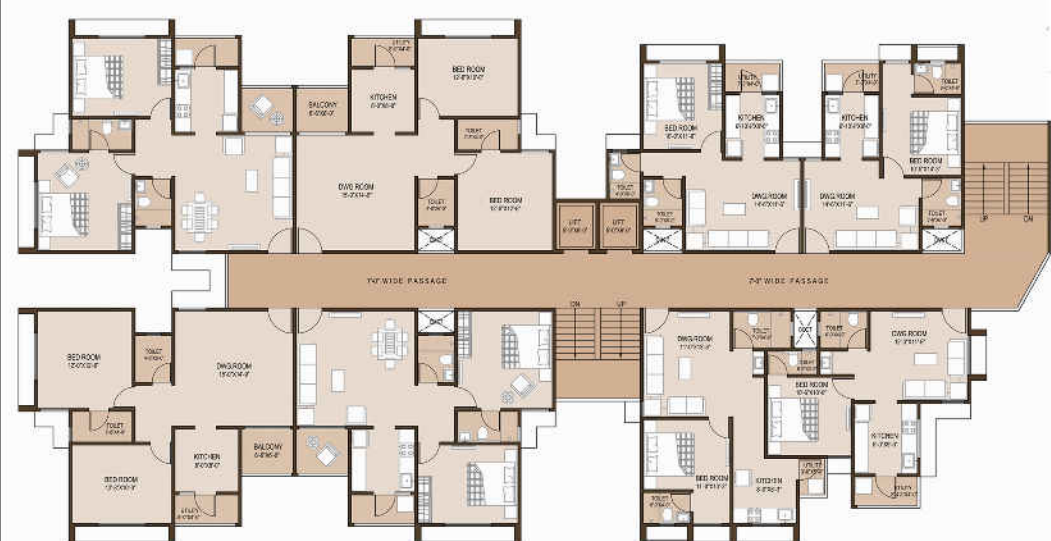
TYPICAL FLOOR PLAN- (BLOCK-D)
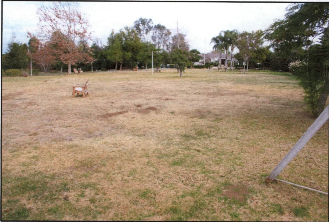
Overview, central area of the grassy "park" (Northeast)
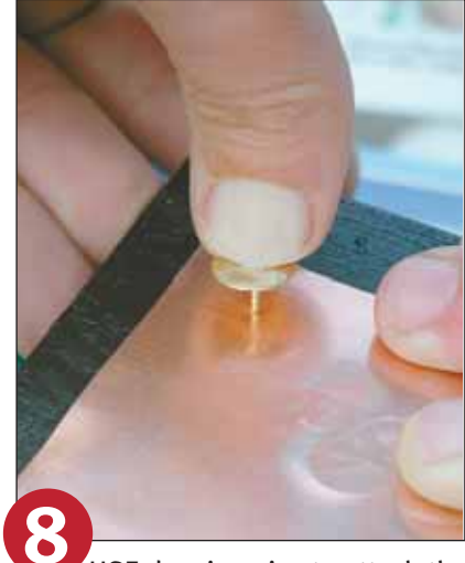
USE drawing pins to attach the copper sheet to the base. Decorate the stake with a strip of copper.
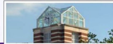
Joyner Library - East Campus

Improve the quality of your students' research skills and information sources by bringing your class to the library for a library instruction session. Studies show that students who attend library instruction sessions demonstrate markedly better research skills than those who do not.
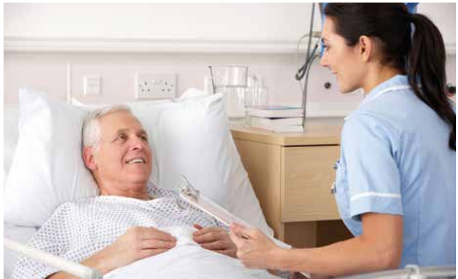
The new nursing associate role is intended to complement the work of registered nurses

Including service users in service development is established best practice in the NHS. The articles included in the literature review recognise that there is value in engaging with patients in the process of identifying need, including gaps in service provision (South et al, 2007; James et al, 2006) – however, they fall short of outlining a role for patients in the design of new healthcare roles.
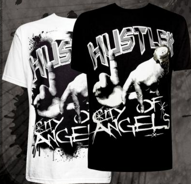
MR1231 AVENGER BLACK, WHITE 100% COTTON PRINTED TEE WITH FOIL M-2XL
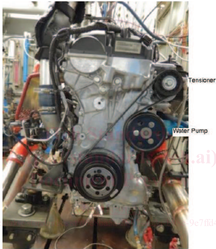
FIG. 3 Water-Pump Drive Arrangement
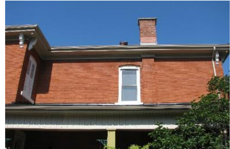
Chimneys seen from the south elevation
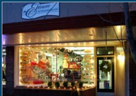
Second Place: Epicure... for the Passionate Cook

◇ ◇ ◇

▸ **WHAT THE EXERCISE ASKS**
Only one thing is required here: an exact copy of the lines from the one bearing "MR1231 AVENGER BLACK, WHITE" through the final line above, both included, with pictures left out.

▸ **SOLUTION**
MR1231 AVENGER BLACK, WHITE 100% COTTON PRINTED TEE WITH FOIL M-2XL
FIG. 3 Water-Pump Drive Arrangement
Chimneys seen from the south elevation
Second Place: Epicure... for the Passionate Cook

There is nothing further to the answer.